New Delhi, Sep 10 - The Ganga river, often called India's cultural and spiritual lifeline, will open up its thousand-year-old channel to a 2,500-km Ganga expedition led by renowned Swiss adventurer Andy Leeman Sep 14.
Leeman and his crew will draw attention to the condition of the river in context of global warming, receding glaciers, pollution and sustainable development of life along its banks and eco-tourism.
The crew will include climatologist Mohan Munasinghe of the Green Cross International, who shared the 2007 Nobel Peace Prize for his work on global warming and sustainable development as the vice-chairman of the UN's Intergovernmental Panel on Climate Change, and several professional photographers, docu-filmmakers and scientists.
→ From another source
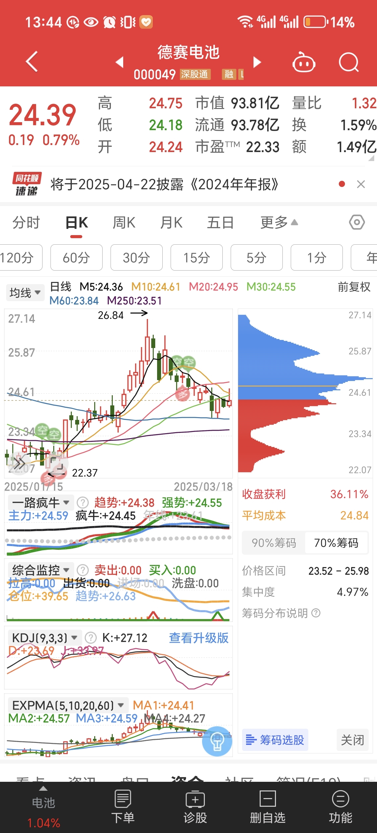 $德赛电池(SZ000049)$ 同花顺说这股还没企稳需等

Announcing the expedition, of the biggest of its kind, in the capital, Mohan Munasinghe said the expedition will help raise scientific awareness about the impact that climate change will have on the river.
'Coping with the water stress will be a central challenge in the years to come,' he told the media in the capital Thursday.
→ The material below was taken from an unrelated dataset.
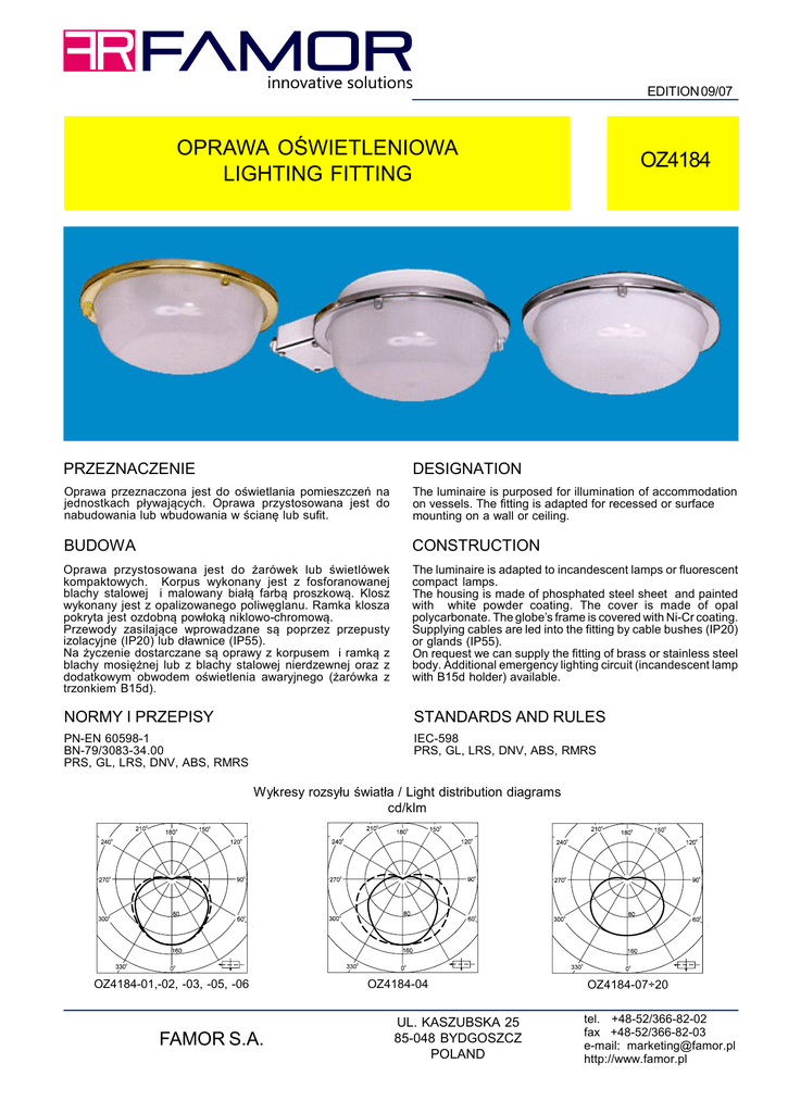 EDITION 09/07 OPRAWA OŚWIETLENIOWA LIGHTING FITTING OZ4184 PRZEZNACZENIE DESIGNATION Oprawa przeznaczona jest do oświetlania pomieszczeń na jednostkach pływających. Oprawa przystosowana jest do nabudowania lub wbudowania w ścianę lub sufit. The luminaire is purposed for illumination of accommodation on vessels. The fitting is adapted for recessed or surface mounting on a wall or ceiling. BUDOWA CONSTRUCTION Oprawa przystosowana jest do żarówek lub świetlówek kompaktowych. Korpus wykonany jest z fosforanowanej blachy stalowej i malowany białą farbą proszkową. Klosz wykonany jest z opalizowanego poliwęglanu. Ramka klosza pokryta jest ozdobną powłoką niklowo-chromową. Przewody zasilające wprowadzane są poprzez przepusty izolacyjne (IP20) lub dławnice (IP55). Na życzenie dostarczane są oprawy z korpusem i ramką z blachy mosiężnej lub z blachy stalowej nierdzewnej oraz z dodatkowym obwodem oświetlenia awaryjnego (żarówka z trzonkiem B15d). The luminaire is adapted to incandescent lamps or fluorescent compact lamps. The housing is made of phosphated steel sheet and painted with white powder coating. The cover is made of opal polycarbonate. The globe's frame is covered with Ni-Cr coating. Supplying cables are led into the fitting by cable bushes (IP20) or glands (IP55). On request we can supply the fitting of brass or stainless steel body. Additional emergency lighting circuit (incandescent lamp with B15d holder) available. NORMY I PRZEPISY STANDARDS AND RULES PN-EN 60598-1 BN-79/3083-34.00 PRS, GL, LRS, DNV, ABS, RMRS IEC-598 PRS, GL, LRS, DNV, ABS, RMRS Wykresy rozsyłu światła / Light distribution diagrams cd/klm OZ4184-01,-02, -03, -05, -06 FAMOR S.A. OZ4184-04 UL. KASZUBSKA 25 85-048 BYDGOSZCZ POLAND OZ4184-07÷20 tel. +48-52/366-82-02 fax +48-52/366-82-03 e-mail: [email protected] http://www.famor.pl OZ4184 Rysunki gabarytowe Dimensioned drawings fig. 1 Typ oprawy Rodzaj źródła światła fig. 2 Mocowanie fig. 3 Moc źródła Rodzaj światła trzonka OZ4184-01 R OZ4184-04 żarówka incandescent lamp Napięcie zasilające Spraw. Stopień świetlna ochrony IP20 d-2xT IP55 2 (b=40) IP20 3 IP44 4 IP55 1 p-2xT 60W Rys. p-2xT 75W OZ4184-02 OZ4184-03 Wejście kabli fig. 4 E27 Omax=45mm p-2xT OZ4184-05 75W d-1xB OZ4184-06 100W d-2xB max 250V AC/DC 0,65 Masa /kg/ 1,3 S OZ4184-07 p-2xT 230V 50Hz OZ4184-08 p-2xT 220V 60Hz d-2xT 230V 50Hz świetlówka kompaktowa d-2xT 220V 60Hz p-2xT 230V 50Hz compact fluorescent lamp p-2xT 220V 60Hz p-2xT 230V 50Hz p-2xT 220V 60Hz d-2xT 230V 50Hz d-2xT 220V 60Hz OZ4184-17 d-1xB 230V 50Hz OZ4184-18 d-1xB 220V 60Hz OZ4184-19 d-2xB 230V 50Hz OZ4184-20 d-2xB 220V 60Hz Cable entry Supply voltage IP20 2 (b=20) R OZ4184-09 IP55 OZ4184-10 OZ4184-11 OZ4184-12 OZ4184-13 OZ4184-14 OZ4184-15 OZ4184-16 PL-C/2P-18W (Philips) DULUX D18W (Osram) 18W G24d-2 0‚60 IP20 3 IP44 4 S 1,6 3 IP55 1 Type Kind of light source Fixing Light source power Lamp holder type Light output ratio Protect. grade d- dławnice / glands, p - przepust izolacyjny / cable bushes, T - z tyłu / from rear, B - z boku / from side R- do wbudowania / recessed, S - do nabudowania / surface Dostawa bez źródeł światła / Lamps not included Drwg. Mass /kg/

The 35-day expedition will begin at the source of the river at Gangotri, in the foothills of the Himalayas above Hardwar, and end Oct 19 near Kolkata where the river fans out into a delta to merge with the sea.
Munasinghe said seven of the world's largest rivers, including the Ganga, the Yamuna and Yangtze in China, originate in the Himalayas, supplying water to nearly 40 percent of the world's population.
The Ganga expedition is part of a project called, 'Rib Expedition & Adventure' in partnership with Kuoni (Travel) Group, Green Cross International and AB Inflatables. It will be supported by the World Wide Fund for Nature (WWF), CPN Satellite ServicesPennel, Tag Heuer and Yatch Centre.
A Swiss non-profit centre, myclimate, 'has offsetted all carbon emissions caused by travel before, after and during the expedition,' the organisers said.
The funds from the carbon offsets will be channeled into an eco-friendly waste recyling project at Bali in Indonesia by Kuoni and myclimate.
'The expedition will draw attention to the environmental threats around the river, the cultural diversity and livelihoods along its banks, suggesting sustainable ways to develop them,' Swiss expedition leader Andy Leeman said.